A living time capsule on the upper level of the fairgrounds, the hill is home to nine buildings, including a museum, sugarhouse and blacksmith shop, where visitors can peruse the collections or check out living history exhibits.
“We are the only fair in Vermont to do something like this,” and it brings in a lot of people, especially older people who like to come and reminisce, said Euclid Farnham, who serves as the fair’s postmaster, a role he took on following his 31-year tenure as president. “It brings home their past to them.”
Like the historical demonstrations, the museum has been part of the fair since 1929. Over the decades, its collection has grown, thanks to donations, such as a set of antique irons, a gift from a Strafford woman, Farnham said. Consequently, space has become an issue.
“We’ve reached the point where we’re pretty nearly full,” he said.
On Antique Hill last weekend, fairgoers were doing some collecting of their own.
This was a record year for postcard sales at the fair, and the 2016 commemorative wooden postcard “absolutely flew out,” said Farnham, noting that the cards depicting fair scenes, six so far, have become collectibles. “We sold every single one.”
Waiting on customers from the restored facade of the town’s original post office, he also caught up with visitors and demonstrators.
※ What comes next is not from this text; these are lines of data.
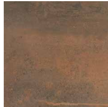
SYNCRO ÓXIDO 60x60 59x59 REC. LAP.
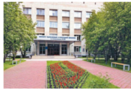
俄搜捕涉叛國科學家 增至兩人 兩岸國際
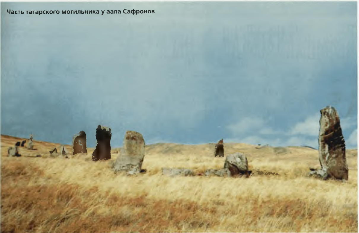
Часть тагарского могильника у аала Сафронов

Тысячелетие назад у подножия древних монолитов писец и книжник средневековья вслушивался в бег шумливых струй Еси. Сложные философские искания побудили его нанести надпись на скальную плоскость. Он считал грамотность добродетелью и был действительно хорошо образован (в тексте применены термины согдийской и иранской религиозной литературы), а жизнь, видно, складывалась нелегко.
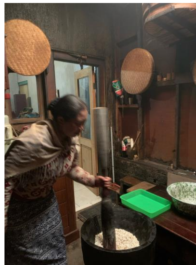
Jagung Di Tumbuk Kembali

“The fun part of the whole thing is you basically see all the people you haven’t seen since last year” and wind up going over what happened during the year, he said. “It’s really a neat thing.”
At the fair, chatter on the job is encouraged.
“One of the things that we urge the re-enactors to do is talk to people,” said Farnham, whose wife and fellow fair volunteer, Priscilla, organizes the 30 or 40 people who demonstrate their crafts. “It makes the whole thing come alive.”